978-5-00187-747-9
ISBN :Возрастное ограничение : 18
Дата обновления : 28.04.2024
– Да… Она у нас девушка стремительная, у нее все решается быстро. Может, ей пришла в голову какая-то важная идея, например, сделать приятный сюрприз. Она у нас творческая единица, – Липа попыталась встать на сторону дочери и разрядить обстановку.
– Вздумалось – сделалось… Вся в мать.
Липа бросила укоризненный взгляд на Павла и быстро сменила тему:
– Давайте, что ли, знакомиться… Чего зря время терять.
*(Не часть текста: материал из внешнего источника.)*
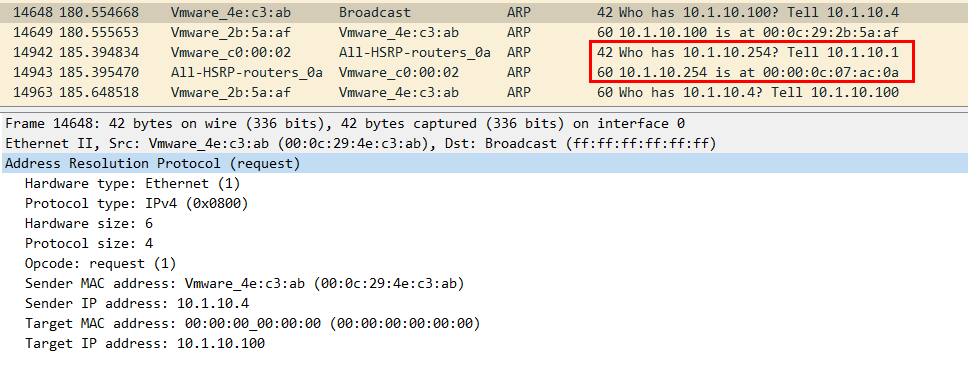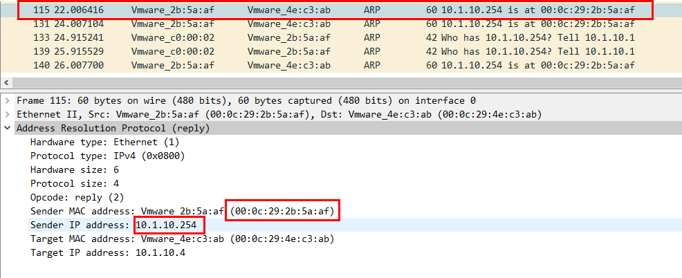 - 패킷을 보면 10.1.10.254에 ARP Request를 보냈을 때 Gateway의 MAC 주소가 00:00:0 c:07:ac:0a라는 것을 알려준다.

– Да. Конечно. Проходите, пожалуйста, – смутился Иван и, неловко потоптавшись на месте, сделал галантный жест рукой в сторону маленькой гостиной. Она же служила и спальней, и кабинетом. В небольшой нише стоял старый диван-книжка, вдоль центральной стены красовался полированный сервант, а в углу громоздился настоящий монстр – огромный трехстворчатый шкаф из той же полированной коллекции. «Допустим, это винтажный стиль, допустим, это недорого, допустим, Марфе все равно», – в голове у Липы пронеслось сразу несколько оправдательных версий.
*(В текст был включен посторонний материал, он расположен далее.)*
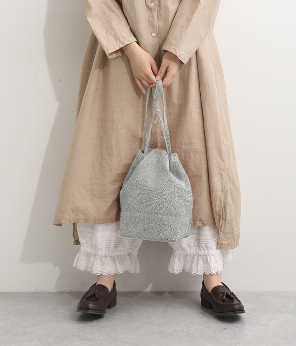 ジャカード生地にタンポポのモチーフを描き出した繊細な作りが特徴的なトートバッグです。ショルダーひもの取り出し方によって巾着型にしたり、肩掛けにしたり、手持ちにもできる仕様。しっかりとしたマチ幅があるので必需品がすっきりと収まります。とても軽量の仕上がりで手洗いもできる取り扱いやすさも、デイリーに活躍するポイントです。

– Мы пока еще тут как следует не устроились, – Иван поймал оценивающий взгляд потенциальной тещи.
– А-а, так у вас есть «перспективка», – поддел молодого человека Павел и украдкой подмигнул Липе. Липа терпеть не могла, когда Павел начинал говорить известными фразами из анекдотов. Предполагалось, что все окружающие должны быть в теме, но в данном случае в теме была только она, и странное подмигивание Павла могло еще больше смутить Ивана. А если и Иван был в теме, то это вообще швах! – показаться незнакомому человеку сразу во всей своей жлобской красе… Липа начала заметно нервничать: только бы Павел не впал в конкретику!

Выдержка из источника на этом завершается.